薬機法は「医薬品、医療機器等の品質、有効性及び安全性の確保等に関する法律」のことです。その名のとおり、対象となる医薬品や医療機器などの品質、有効性、安全性を確保するために定められています。

化粧品も当法律の対象ですので、化粧品の製造や販売、広告表示を行う際には避けて通れないものになります。

薬機法の目的

薬機法の目的は、医薬品等の品質、有効性、安全性を確保することです。また、これらの製品の適正な使用を推進することで、国民の健康を守り、公衆衛生の向上を図ることも目的としています。

具体的には以下のような内容が含まれています。

  1. 医薬品や医療機器の安全性と有効性の確保
    人々が使用する医薬品や医療機器が、安全で効果的であることを確認するための基準を設けています。
  2. 製造や販売の規制
    医薬品や医療機器の製造、流通、販売に関する基準を設定し、品質の確保を図っています。
  3. 適正使用の推進
    医薬品や医療機器が正しく使われるように、情報提供や監視体制を整備しています。
  4. 不正な製品の排除
    不正な医薬品や医療機器の流通を防ぎ、健康被害を未然に防ぎます。

薬機法規制の対象となるもの

薬機法の規制対象となるのは、医薬品、医薬部外品、化粧品、医療機器、再生医療等製品です。薬機法の中でそれぞれの定義付けもなされていますので、その内容を簡単にご紹介します。

  • 医薬品
    病気の診断、治療、予防を目的として使用されるもの
    を指します。医療機関で処方される薬だけでなく、薬局やドラッグストアで購入できる一般用医薬品も該当します。
  • 医療機器
    疾病の診断、治療、予防に使用される「機械器具」
    などを指します。(再生用医療等製品を除く。)マッサージ器やコンタクトレンズ、体温計などが該当します。
  • 化粧品
    人の身体を清潔にし、美化することを目的として使用されるもの
    を指します。スキンケア製品、メイクアップ製品が代表的なもので、シャンプーや香水なども該当します。
  • 医薬部外品
    医薬品に比べ効果は穏やかであるものの、人体に作用するもの
    を含みます。体の不快感を軽減するものから害虫を駆除するものまで、その種類は多岐にわたります。身近なものとして、殺虫剤や薬用せっけん、生理用ナプキンなどが該当します。
  • 再生医療等製品
    人や動物の細胞に加工をし、身体機能を修復する目的で使用されるものを指します。移植用の軟骨細胞などが該当します。

化粧品における薬機法のルール

化粧品を広告する際に特に気を付けたい薬機法のルールに「虚偽・誇大広告の禁止」があります。薬機法第66条で、医薬品等の名称、製造方法、効能などに関して、「明示的であると暗示的であるとを問わず、虚偽又は誇大な記事を広告し、記述し、又は流布してはならない。」と定められています。

具体的には、以下のような表現が禁止されています。

  • 化粧品の効果を逸脱した表現
  • 承認されていない効果を標ぼうすること
  • 効果や安全性を保証するような表現
  • 効果や安全性についての最大級表現
  • 他社製品を誹謗するような表現
  • 医薬関係者(代表例:医者、美容師など)が推薦していると表現すること

日本化粧品工業会が発行している「化粧品等の適正広告ガイドライン」に、より細かい解説が掲載されていますので、化粧品の広告を作成される方はぜひ参考にしてみてください。

リフトアップとは

「リフトアップ」は直訳すると「持ち上げる」という意味になります。

美容医療でもよく使用される言葉であり、顔(フェイスラインやほうれい線)を中心に、首や体にできたたるみを改善するための治療法を意味します。

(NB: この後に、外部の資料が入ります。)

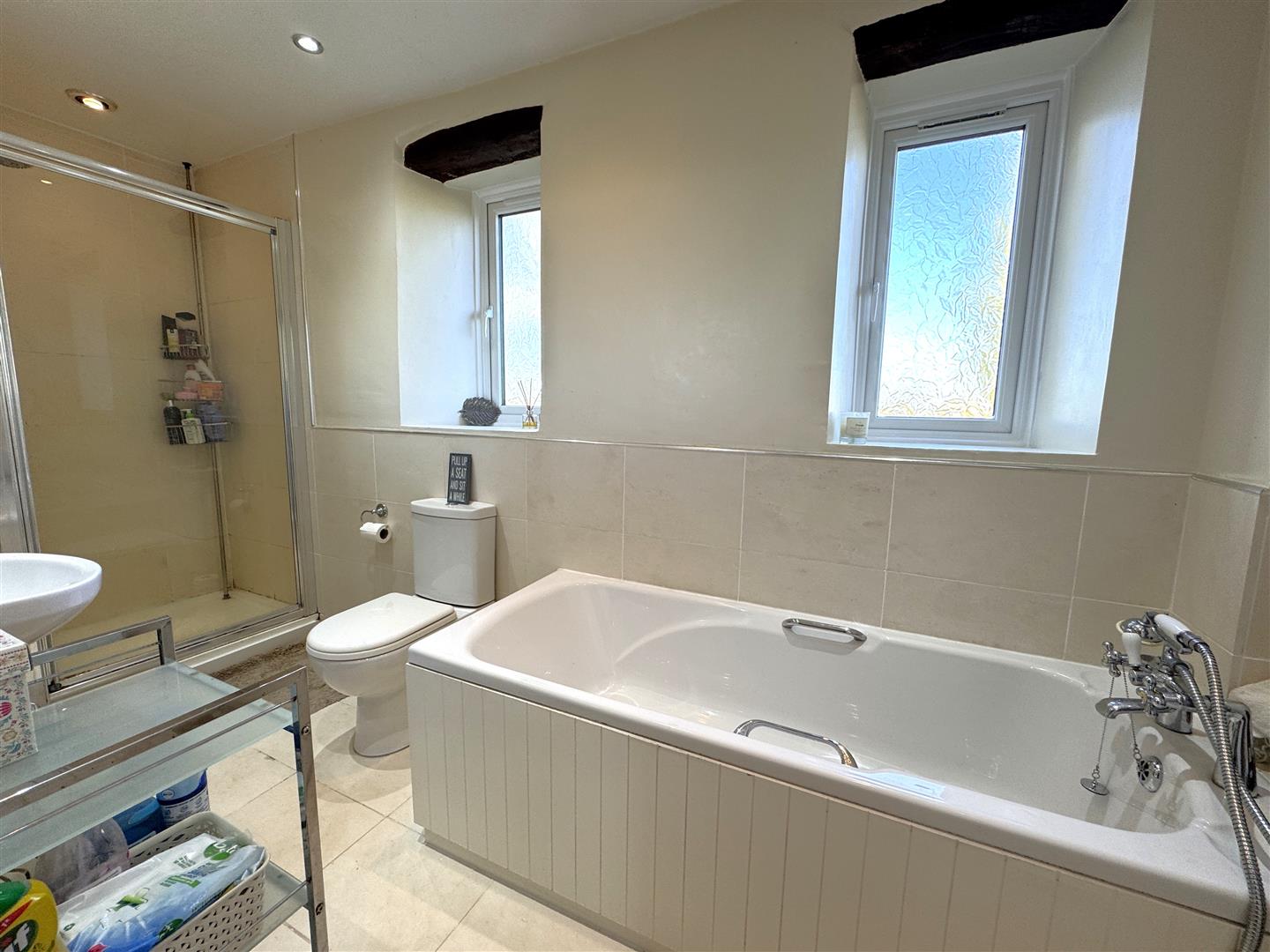 Bathroom - 4.01m x 1.55m (13'2 x 5'1) - Single radiator, door to airing cupboard with slatted shelving and storage space, underfloor heating, panelled bath with mixer tap and shower detachment, WC, double shower cubicle with inset shower unit, tiled floor, tiled splashbacks, heated towel rail, extractor fan, inset spotlighting, exposed beams, two front aspect windows offering lovely views over the surrounding countryside.

一般的には、もう少しライトなイメージで、化粧品や美顔器を使用したセルフケアでフェイスラインをシャープにしたり、たるみを引き上げたりすることを指す言葉としても使われているのではないでしょうか。

化粧品で「リフトアップ」は標榜できない

実は化粧品の広告で、効果として「リフトアップ」の表現をすることはできません

化粧品の効能効果として広告することができるのは56項目の定められた効果の範囲に限られています。この56項目の中に、リフトアップに該当するものが存在しないため、化粧品の広告でリフトアップを標ぼうした場合、化粧品の効果を逸脱していると判断されるのです。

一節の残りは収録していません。